However, in spite of remarkable advances in research on the mechanisms of word learning, we know relatively little about how we integrate information from multiple sensory modalities—such as the visual, tactile, auditory, taste, and olfactory modalities—during word learning and generalization. Here we ask: how do different types of perceptual cues (e.g., visual, auditory) interact with linguistic cues (e.g., co-occurring words in the speaker’s utterance) in influencing learners’ choice of a word to label a novel object or action?
1 A well-established methodology to investigate how learners attend to different cues in language learning involves the use of tasks that present learners with cues that are in competition with each other [
21,
22]. Prior research shows that infants attend to social cues (the gaze direction of an adult participant) as well as salience cues (the relative movement of images on a screen) [
23]. Adult learners recruit both cross-situational regularities in multimodal cues as well as prior knowledge about linguistic context in acquiring word meaning; further, they are influenced equally by both sources of information when the two types of evidence are in conflict [
24].
However, whereas prior research focuses on how learners use multiple cues to identify the appropriate referent of a novel word, the present study investigates how word learners recruit information from different modalities when extending the use of an already learned word to an unfamiliar referent. For instance, if a learner is confronted with an action and has to label it based on either visual information (the action looks like breaking) or conflicting auditory information (it sounds like tearing), which verb do they select: tear or break? Alternatively, if learners encounter auditory information (a tearing sound) together with conflicting linguistic information (e.g., a question such as what did he do to the stick?), do they choose the verb tear based on the auditory cue or do they prefer the verb break based on the greater frequency with which the verb break co-occurs with stick?

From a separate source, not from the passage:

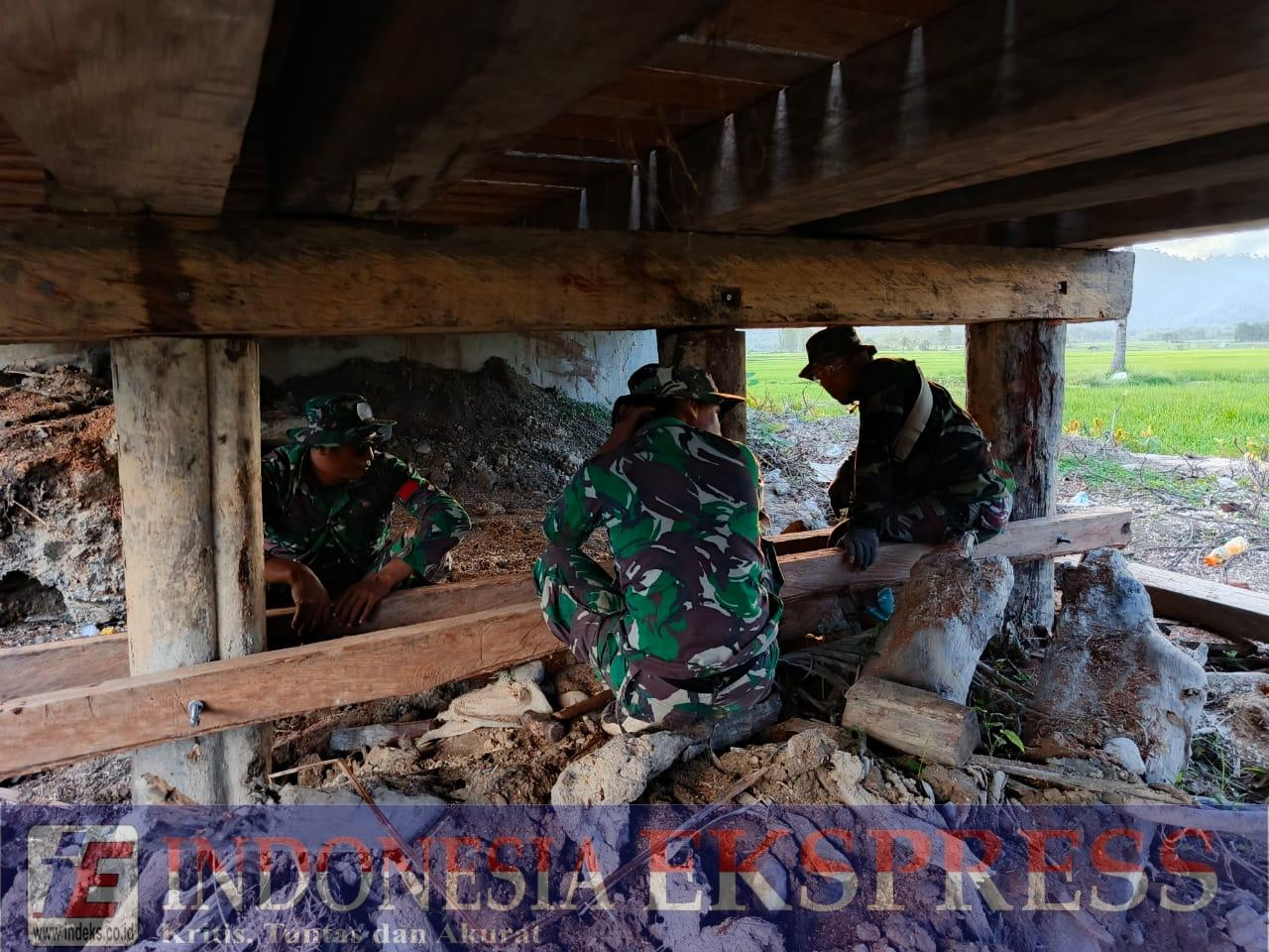 Guna memastikan ketahanan dan keamanan jembatan, anggota Satgas TMMD melakukan penguatan struktur dengan metode mengkancing tiang jembatan menggunakan balok kayu keras dan baut panjang. Teknik ini dinilai efektif untuk memperkokoh fondasi dan menopang beban kendaraan berat secara berkelanjutan.

Any account of word learning and generalization needs to provide an account of how multimodal cues conspire or compete to drive attention across contexts. Thus, our study focuses on the following question: what is the relative importance of visual, auditory, and linguistic information when learners generalize the use of a newly acquired verb to a novel situation? Psychophysical studies investigating the issue of sensory dominance in multisensory interactions suggest that the brain does not rely equally on different sources of information: the visual sensory modality can overshadow the auditory sense in adults [
25]. In these studies, participants make one response to auditory targets, another response to visual targets, and both responses to concurrently presented auditory and visual targets. Although participants respond accurately to unimodal targets, they often fail to respond to auditory targets on the bimodal target trials [
26]. The visual dominance effect also prevails in studies that employ more complex stimuli such as line drawings, photos, and familiar sounds [
27,
28]. In contrast, auditory dominance has been shown to prevail in 6-year-old children tested in a similar paradigm involving speeded responses to audiovisual stimuli [
29]. If the patterns of sensory dominance found in these studies also extend to word learning contexts, we would predict that adult learners would privilege visual information over auditory and linguistic information in contexts where they are asked to generalize words to novel referents.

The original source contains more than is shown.